I like the word perspective used in the context of Library 2.0. It reminds me that I have a perspective, one that was shaped by the MLS years ago and by 30 years work as a librarian. Rick Anderson’s remarks resonate with a virtual presentation I heard from the MidAtlantic Library Futures Conference. Check out the audio presentation and PowerPoint given by futurist Joan Frye Williams.
Information customers, who are also library customers, aren’t as picky as librarians about what they find for sources. We’re still saying “make sure that’s a reputable document”– the customers are happy to find a blog/ story/ user group and go with that for the answer.
Two points Rick Anderson made:
1. Put library services and content where the customer goes, which is now on the web. Integrate them into the customer’s “daily patterns.” Quite a challenge for Vermont’s places filled with books!

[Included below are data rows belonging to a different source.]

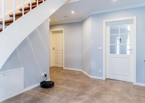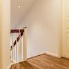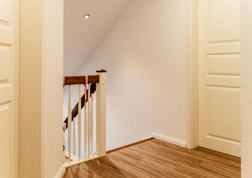Die Vollholztreppe in das nachträglich ausgebaute Dachgeschoss fügt sich ideal ein und verleiht dem Flur eine angenehme Atmosphäre.
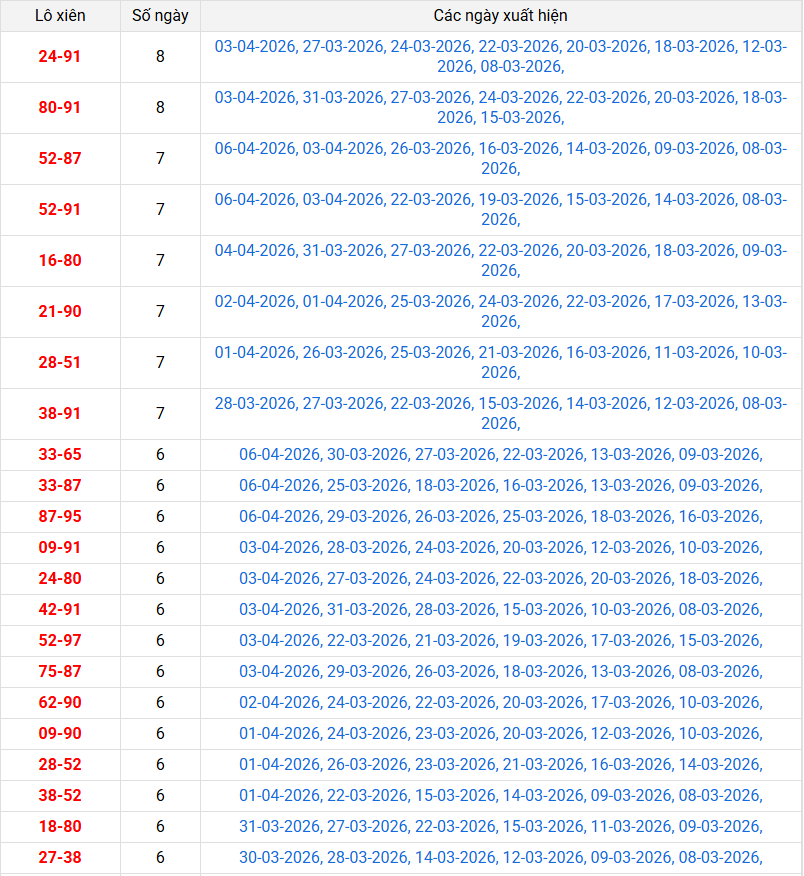 Thống kê miền bắc chính xác nhất ngày 07/04/2026
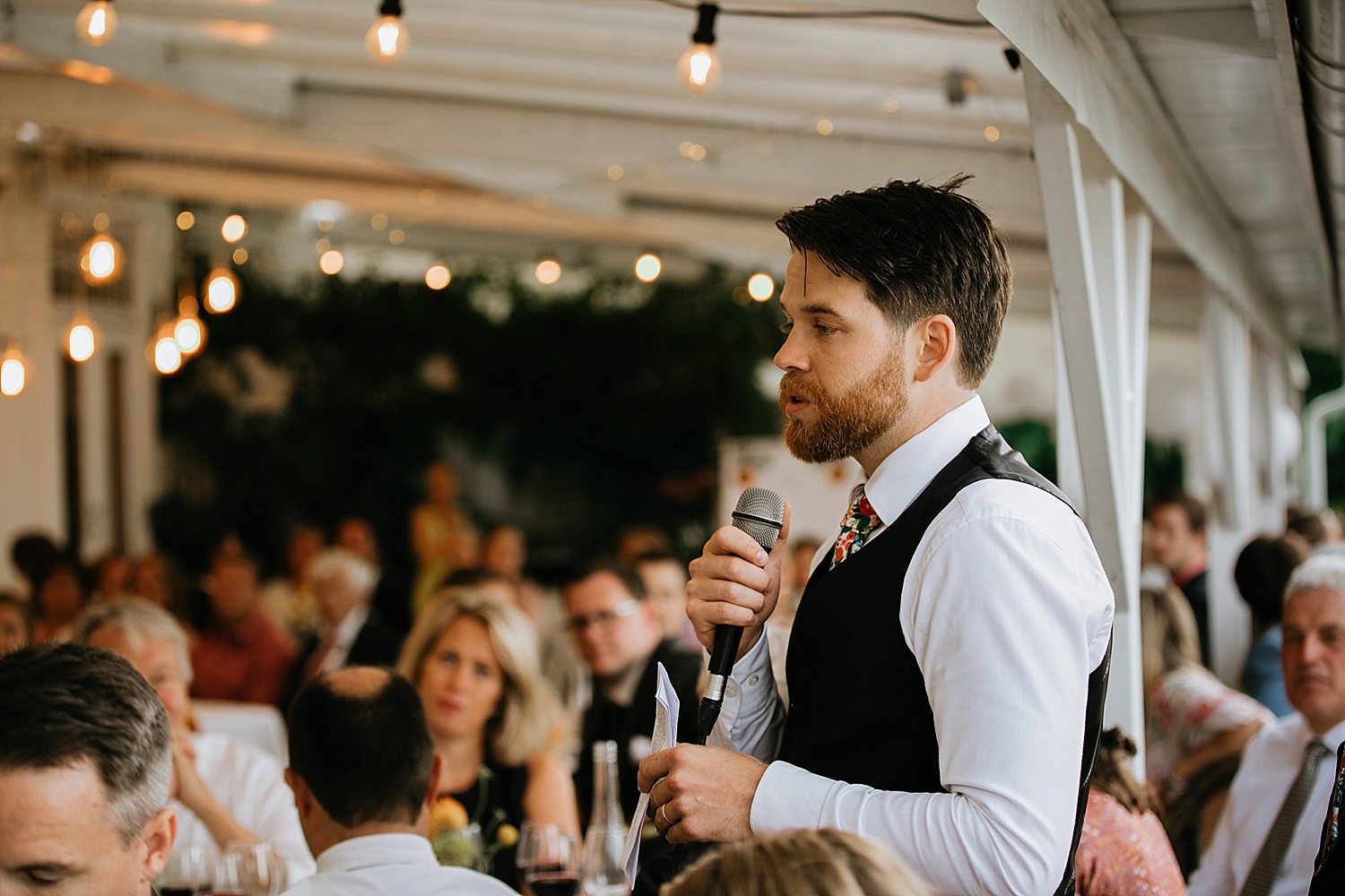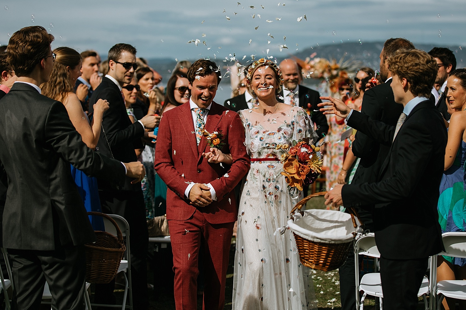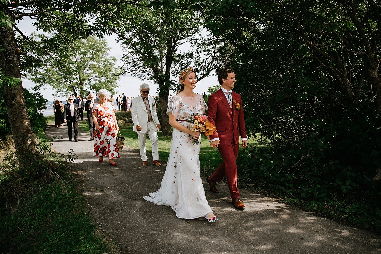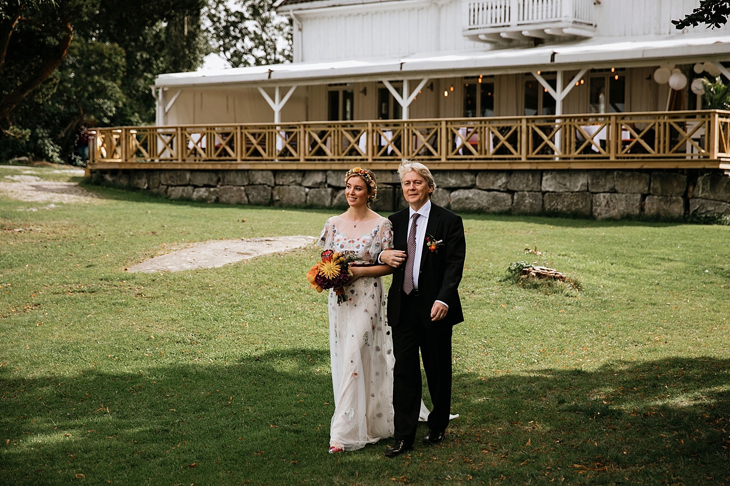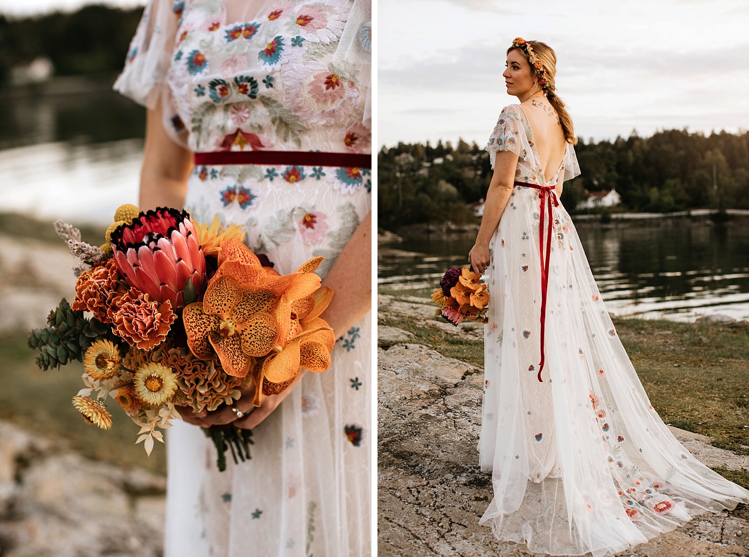 Kort fortalt, dagen opprant med strålende vær og det ble en perfekt start på dagen for mange av gjestene som tok båt fra Oslo. Hele dagen var en fest for øynene, med utradisjonelle valg både i farger, blomster og kjole og dress, og det var så gøy å se! Ingenting var overlatt til tilfeldighetene her, og Hellviktangen var den perfekte rammen rundt feiringen av Mari og Mads denne strålende augustdagen <3
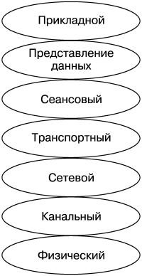 В зависимости от назначения уровни получили следующие названия: физический, канальный, сетевой, транспортный, сеансовый, уровень представления данных и прикладной (рис. 1.1).
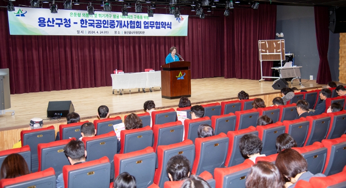 박희영 용산구청장이 24일 오전 9시 30분 용산꿈나무종합타운 5층 ‘꿈나무 극장’에서 한국공인중개사협회 용산구지회와 ‘개업공인중개사와 함께하는 은둔형 외톨이 및 위기가구 발굴 네트워크 구축 사업’ 업무협약을 체결했다.
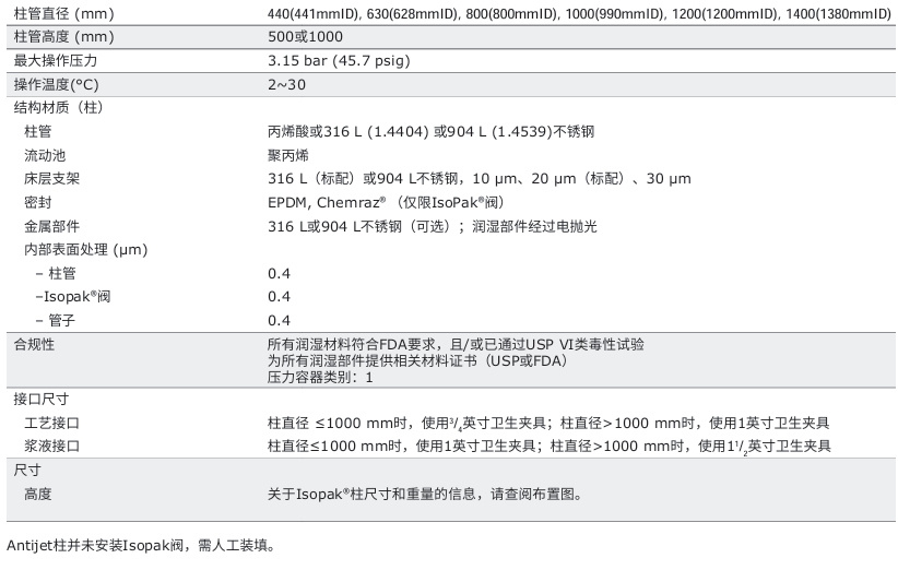 IsoPak® 工業(yè)規(guī)模生物層析柱技術參數(shù):
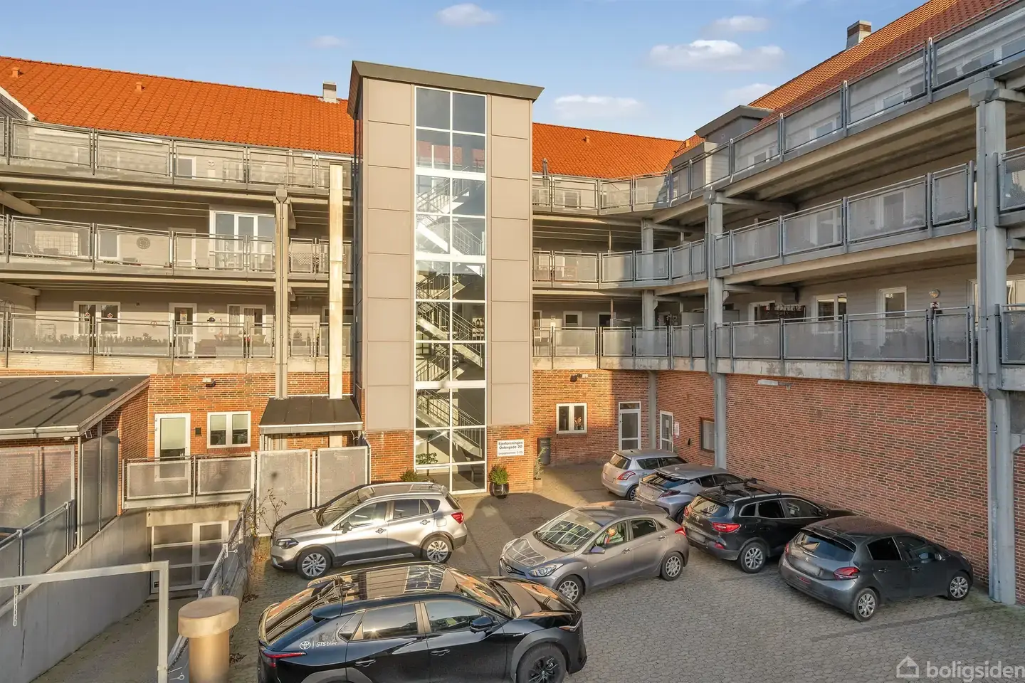 Velindrettet, lys lejlighed i hjertet af Esbjerg, lige overfor banegården og få hundrede meter fra BROEN Shopping og gågaden, finder du denne velholdte ejerlejlighed. Den ligger på 3. sal i en moderne ejendom fra 2003 med elevator og aflåst p-kælder, hvor der er mulighed for at leje en parkeringsplads til bilen. Ejendommen fremstår moderne og veldisponeret med lyse facader, brede svalegange og altaner samt et gårdmiljø med parkeringspladser. Indvendigt fremstår boligen i et rent og tidløst udtry

2. Make sure library services are usable without training. Make them “user-centric.”
Both of these points make more sense in Anderson’s academic environment than they do in mine. The public library environment I know includes many tuned in, blog-reading, Google-using customers– but it also includes my young hairdresser who knows e-mail but not much else on the web. And how about the seniors, the largest demographic in New England? Eager to learn– but taken as a group, not yet on the web.
I’m paying attention, I’m recognizing how fast change comes, but I’m not convinced we should jettison the habits of the past and switch our attention to IM now. Unless (thanks, Michael Stephens) our customers are truly demanding that we do so.